Zycie kochanie trwa tyle co taniec fandango, bolero, be-bop manna, hosanna, rozaniec i szaniec i jazda i basta i stop.
Bal to najdluzszy na jaki nas prosza, nie graja na bis, chociaz zal, zanim wiec serca upadlosc oglosza na bal, marsz na bal
Szalejcie aorty, ja ide na korty Roboto ty w rekach sie pal Miasta nieczule mijajcie jak porty Bo zycie, bo zycie to bal
Bufet jak bufet jest zaopatrzony Zalezy, czy tu, czy gdzies tam Tancz poki zyjesz i smiej sie do zony I pij... zdrowie dam!
Niech zyje bal! Bo to zycie to bal jest nad bale! Niech zyje bal! Drugi raz nie zaprosza nas wcale! Orkiestra gra! Jeszcze tancza i drzwi sa otwarte! Dzien warty dnia! A to zycie zachodu jest warte!

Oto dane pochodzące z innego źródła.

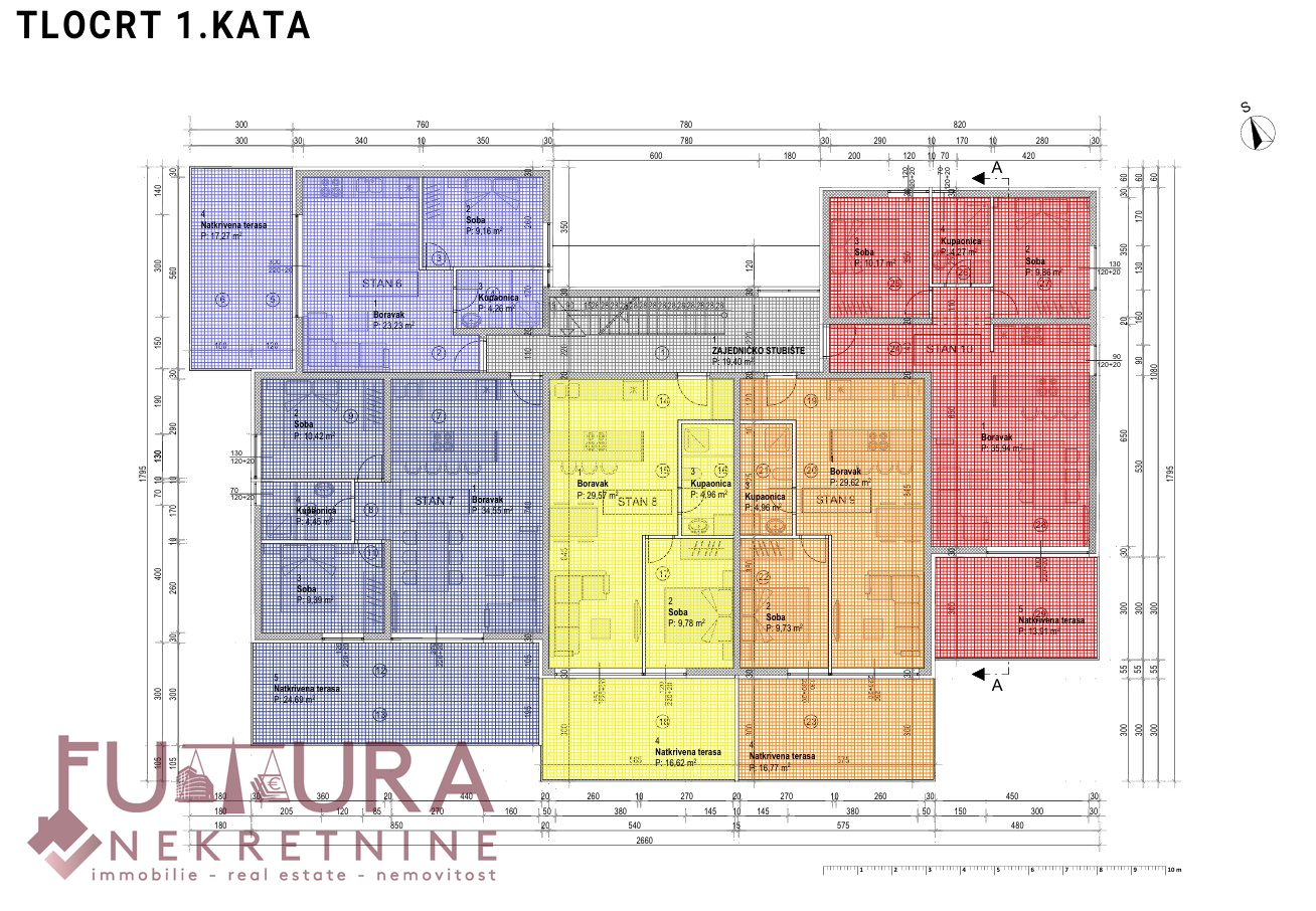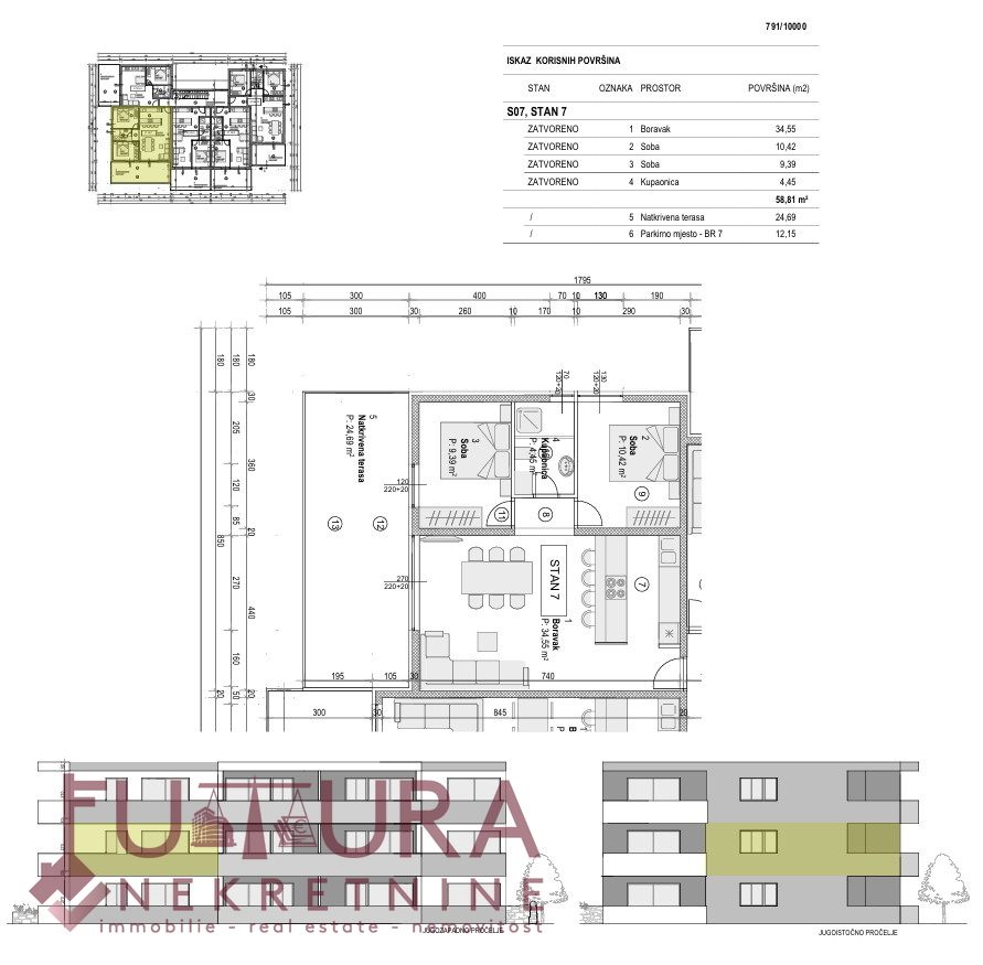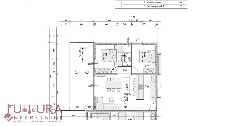 Besteht aus: zwei Schlafzimmern, Wohnzimmer + Küche + Esszimmer, Badezimmer und Terrasse.
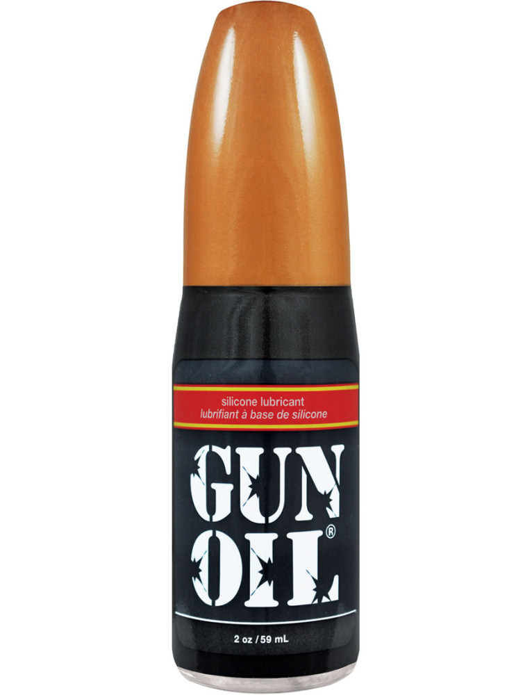 Our most popular formulation! This is the product that made GUN OILandreg;andnbsp;a household name. It is created from a proprietary, three-molecule silicone blend that is ultra-concentrated, incredibly slick, and water-resistant. GUN OILandreg;andnbsp;won`t break down or dry out. We added Vitamin E and Aloe Vera to minimize friction and protect and restore tissues. Hypoallergenic Water Resistant Fortified with Special Botanicals Safe for most non-porous toys* Unscented Unflavored Glycerin Free Paraben Free 2, 4 andamp; 8oz bottles have flip-top capsandnbsp; 16 andamp; 32oz bottles are sold with pumps included * Do not use with porous or silicone toys

Chlopo-robotnik jak boa grzechotnik z niebytu wynurza sie fal, wiedzie swa mame i tate, i zonke, i rusza, wyrusza na bal.
Sucha kostucha - ta Miss Wykidajlo wylaczy nam prad w srodku dnia. Pchajmy wiec taczki obledu, jak Byron, bo raz mamy bal!
Niech zyje bal! Bo to zycie to bal jest nad bale! Niech zyje bal! Drugi raz nie zaprosza nas wcale! Orkiestra gra! Jeszcze tancza i drzwi sa otwarte! Dzien warty dnia! A to zycie zachodu jest warte!